Set down every record below exactly as written, but leave out the pictures.

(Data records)
====
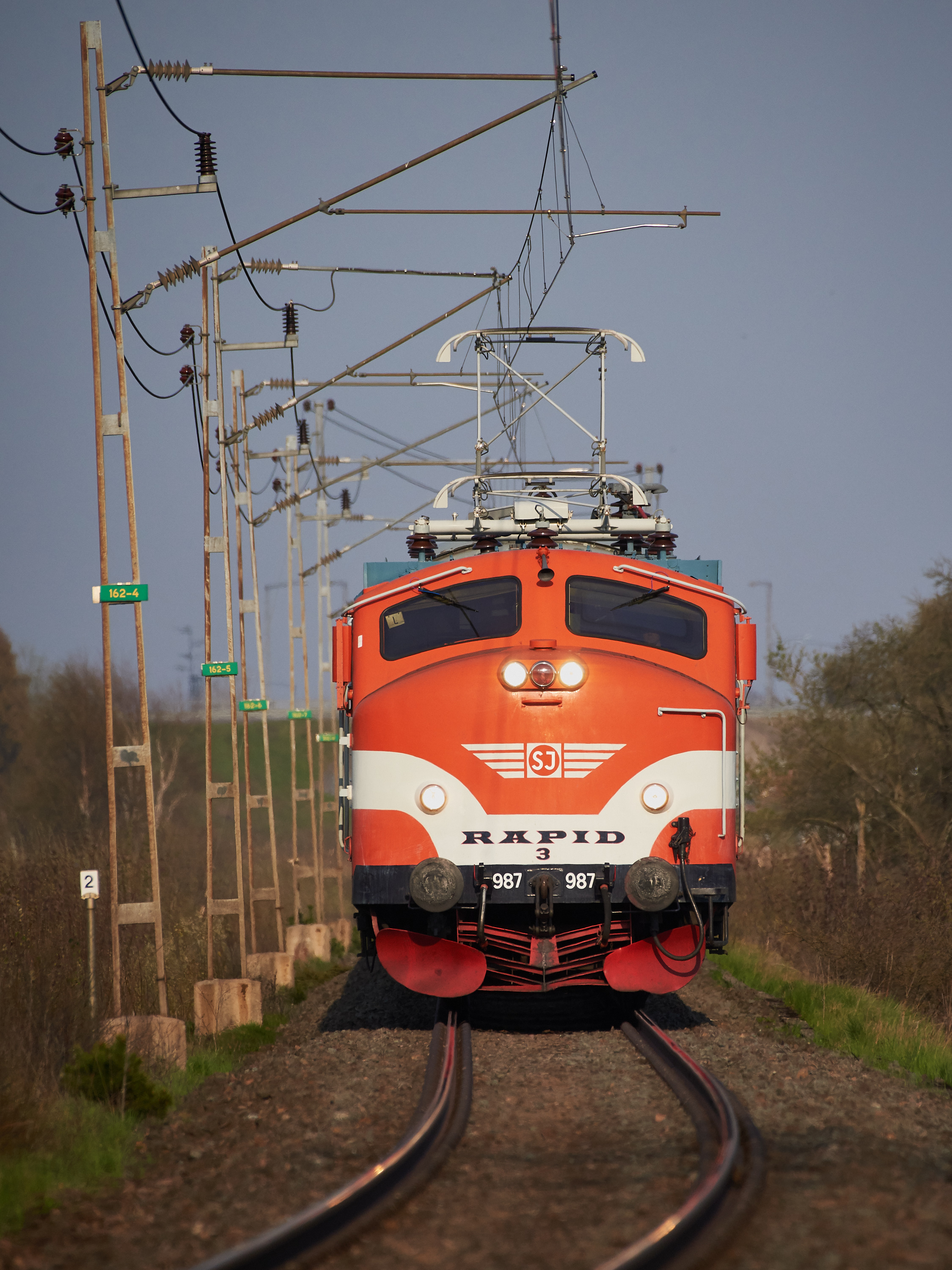 Someting completely different. The Ra 987, Rapid 3, built in 1961, 10 minutes after leaving Kalmar Central Station at 17:47 on April 28th 2018. The Ra-type was ordered by Statens Järnvägar, Sweden, in 1952. The design is clearly inspired by the GM EMD F an E types intended to show the high speed capability of the Ra.
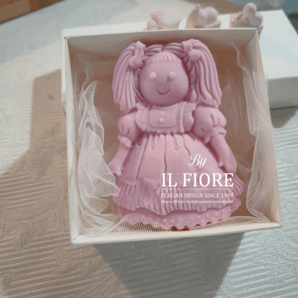 Bomboniera candela decorativa bambolina. La bomboniera è confezionata con scatola .
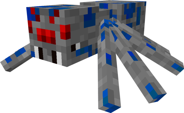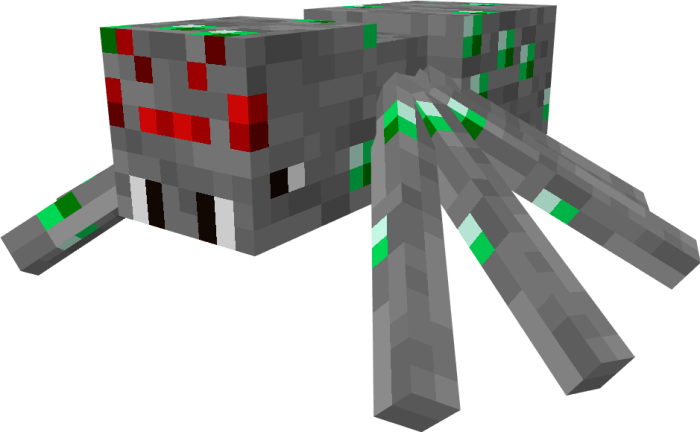 Аддон добавит 7 новых пауков с разными цветами, каждый паук будет копать разные минералы, в зависимости от их внешнего вида
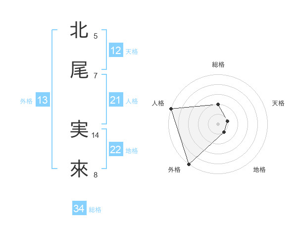 北尾 実來さんの外格は13画の5点!
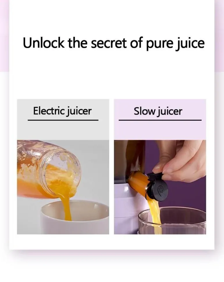 Mit einer beeindruckenden Saftausbeute von 95 % extrahiert dieser Mixer effizient jeden Tropfen des Guten aus Ihren Zutaten, sodass wiederholtes Auspressen entfällt. Dank des antiken Schneckendruckverfahrens werden ballaststoffreiche Früchte und Gemüse mühelos und ohne Verklemmen verarbeitet, sodass Sie schnell und einfach entsaften können.
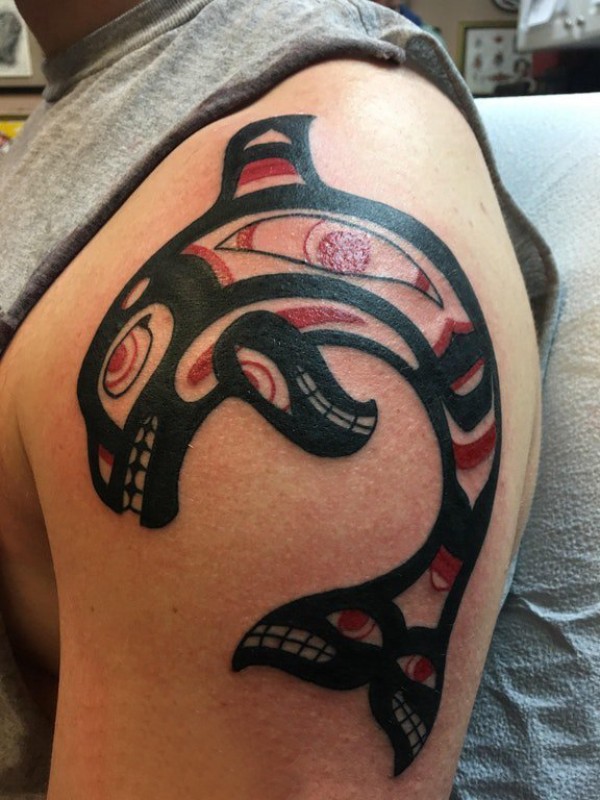 大臂纹身图 男生大臂上凶猛的鲨鱼纹身图片
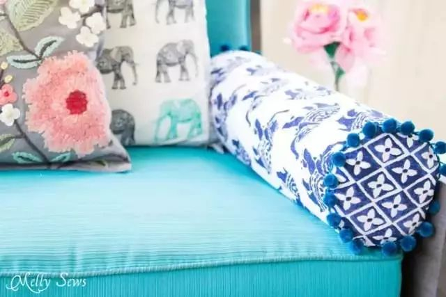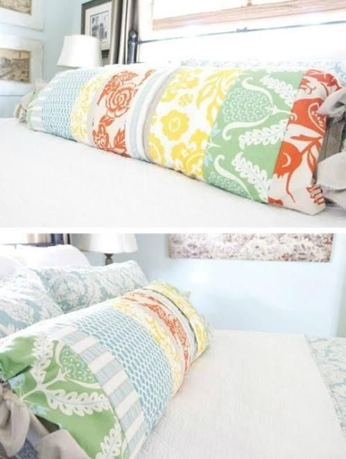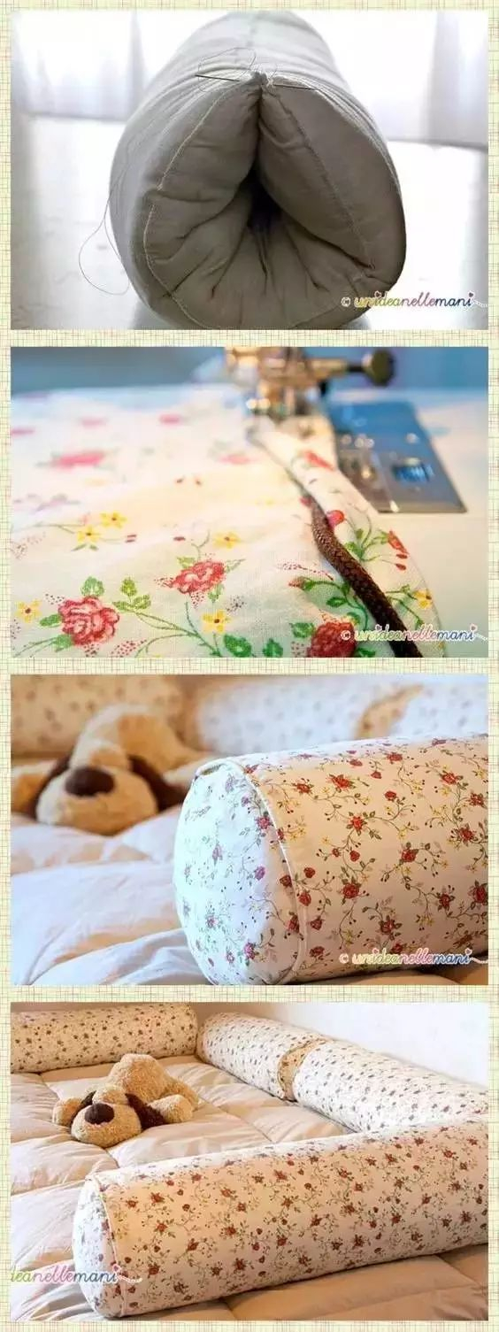 这个沙发垫可不同以往,放在旁边的圆柱形靠垫,将枕头两边缝制在一起,做好一个适合大小的枕套,可以放在沙发两边,也可以放在床边挡墙和床缝,也可以放在孩子的床边,喜欢长一些的也可以将两个缝在一起。
====
→ SOLUTION:
 Someting completely different. The Ra 987, Rapid 3, built in 1961, 10 minutes after leaving Kalmar Central Station at 17:47 on April 28th 2018. The Ra-type was ordered by Statens Järnvägar, Sweden, in 1952. The design is clearly inspired by the GM EMD F an E types intended to show the high speed capability of the Ra.
 Bomboniera candela decorativa bambolina. La bomboniera è confezionata con scatola .
 Аддон добавит 7 новых пауков с разными цветами, каждый паук будет копать разные минералы, в зависимости от их внешнего вида
 北尾 実來さんの外格は13画の5点!
 Mit einer beeindruckenden Saftausbeute von 95 % extrahiert dieser Mixer effizient jeden Tropfen des Guten aus Ihren Zutaten, sodass wiederholtes Auspressen entfällt. Dank des antiken Schneckendruckverfahrens werden ballaststoffreiche Früchte und Gemüse mühelos und ohne Verklemmen verarbeitet, sodass Sie schnell und einfach entsaften können.
 大臂纹身图 男生大臂上凶猛的鲨鱼纹身图片
 这个沙发垫可不同以往,放在旁边的圆柱形靠垫,将枕头两边缝制在一起,做好一个适合大小的枕套,可以放在沙发两边,也可以放在床边挡墙和床缝,也可以放在孩子的床边,喜欢长一些的也可以将两个缝在一起。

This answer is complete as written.